If the price you pay for car insurance goes up every year, or even every six months, you are not alone. Even when you haven’t made any claims or logged any traffic violations, there’s a good likelihood that you are seeing at least a slight increase each year. Of course, even seemingly small changes in some of your individual risk factors (i.e., you started driving a different make or model car) can potentially result in a higher premium. But, as you might have guessed, it’s not always your individual behavior that triggers an increase in premium.
In order to remain profitable (and be able to pay claims) insurers need to collect, on average, about as much premium as they pay out. As real or anticipated expenses rise, insurance companies must figure out how to distribute the cost of those expenses. Anticipated risk associated with statistically similar groups of drivers is a central component for these decisions. But it is often the case that the expenses associated with paying claims rise generally across the state, and are offset with premium increases that affect most, if not all drivers. Think of expenses that tend to trend upward in all parts of the economy: factors that affect increases in the cost of living (for example, health care, salaries, etc.).
Common Reasons for Premium Increases: Individual Risk Factors
Let’s start with some of the more obvious reasons why your individual rate (premium) may have increased over the years. These reasons may include having filed a new claim or having had a traffic violation added to your driving history, adding or changing a vehicle, adding or changing a driver and increasing the amount of your coverage.
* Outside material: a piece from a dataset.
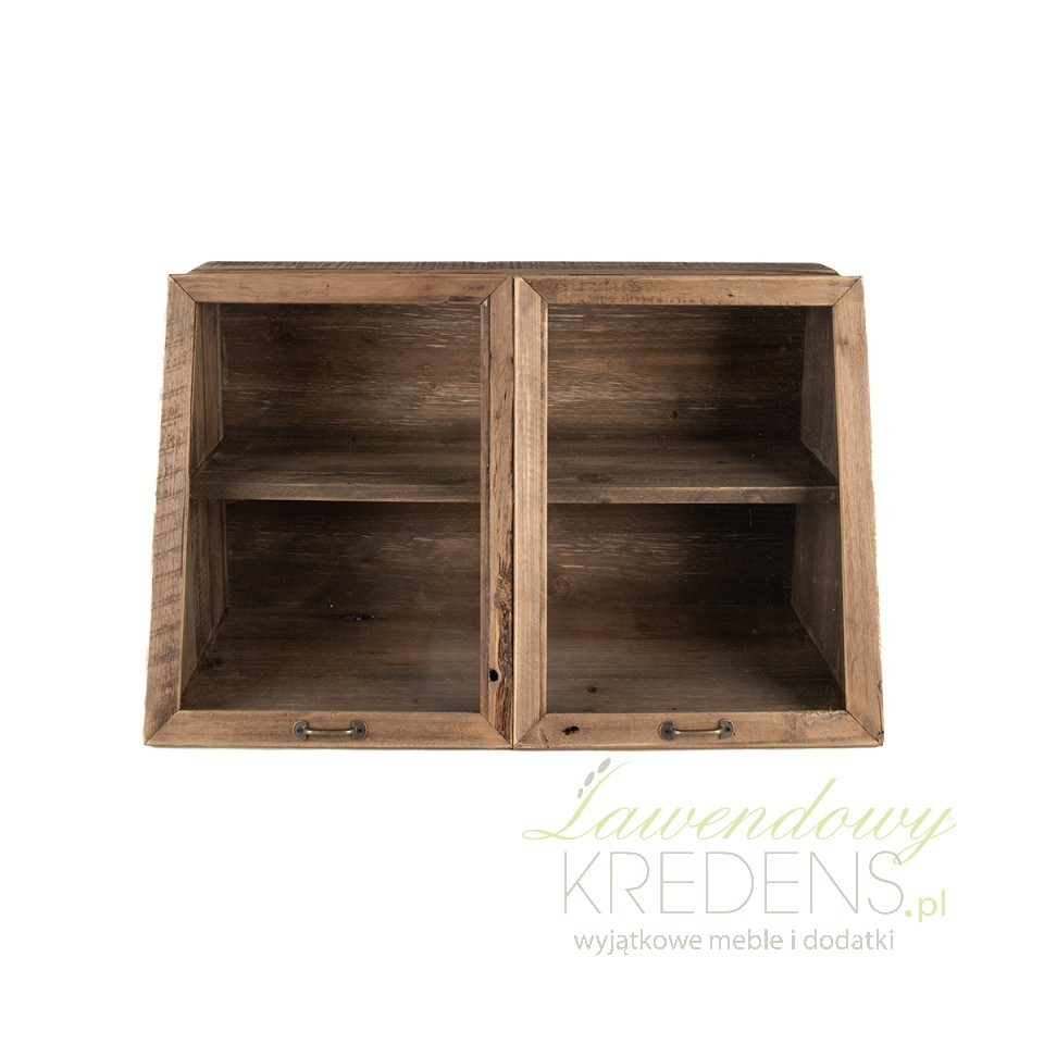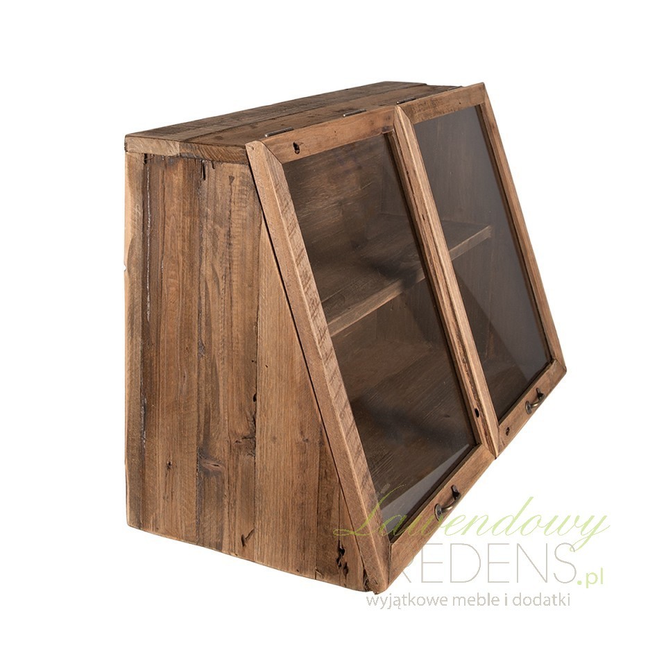 Drewniana szafeczka Clayre & Eef z lekko pochylonymi frontami ze szkła posiada dwa uchwyty wykonane w całości z metalu.
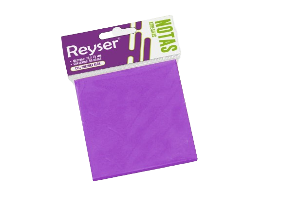 NOTA : T/ADHESIVO C/D: CUADRADO L: 7.50 cm A: 7.50 cm CONT: 50 HOJAS COL: PURPURA NEON G.F: 12 MESES UNIDAD REYSER R101011 R101011

Of course, if you have multiple drivers on your policy, the possible reasons for annual increases multiply.
Except in the cases of very minor claims, usually less than $1,000, and minor traffic violations, like a broken tail light, any new claim or violation is going to make you appear riskier: all these behaviors are associated statistically with increased risk exposure. If you add a vehicle, then there is something additional to insure, so your price will probably go up. Even if you switch the vehicle you have to one with a different make, model or year, your price may go up if your insurance company thinks the new vehicle itself is not as safe or more expensive to fix. Similarly, adding or changing a driver may increase the price you pay. Lastly, if you decide to increase the coverage limits, add optional coverages or reduce the deductibles on your policy, then your price is likely to go up.
The Less Obvious Reason for Annual Increases
Now let’s consider some of the not-so-obvious reasons for a price increase.
These may include one or more of the following factors: the gradual or sudden reduction of what are sometimes called “new business” or “disappearing” discounts; rate level changes; or specific rating factor changes.
Decreasing or “Disappearing” New Business Discounts
You may not have realized that some discounts you receive, usually when you first purchase your policy, are created as new policyholder incentives. Think of these as special offers for switching to a new company. You may get a particular discount for your first policy term as an initial offer, but then have it roll off after the first term is over. Sometimes, instead of the discount rolling off fully, some discounts may decrease gradually over more than one policy term.
Rate Level Changes
Another very common reason for a premium increase comes in the form of what is called a rate level increase. Rate level increases come about when an insurance company finds that their overall rates are too low given the expenses (losses) incurred from recent claims that have been submitted, and on trends in the industry towards more expensive repair and medical costs. Repairs and medical costs are almost always on the rise, so overall rate decreases are a very rare occurrence. Chances are that if your rates have gone up every year, and none of the above reasons seem to apply, your annual increases are coming from a general rate level increase.
Individual Risk Factor Weighting
Finally, your insurance company may re-evaluate how risky each of the characteristics, or factors, of your policy is, based on updated data. An insurance company may react to the results of such an analysis by increasing specific rating factors (and potentially decreasing others).
As you can see, there are some obvious and some not so obvious reasons for the price of your car insurance to go up every year. Whatever the reason is, be assured that not all insurance companies will charge the same amount for the same coverage. That’s why it’s important to shop around occasionally for a better price if you feel your insurance has increased too much. Annual increases are very typical across the industry, but the way that your risk factors are viewed by any particular company may vary.
To make sure you aren’t paying too much, you should know your coverage and discounts to ensure you are getting the best price for the coverage you need.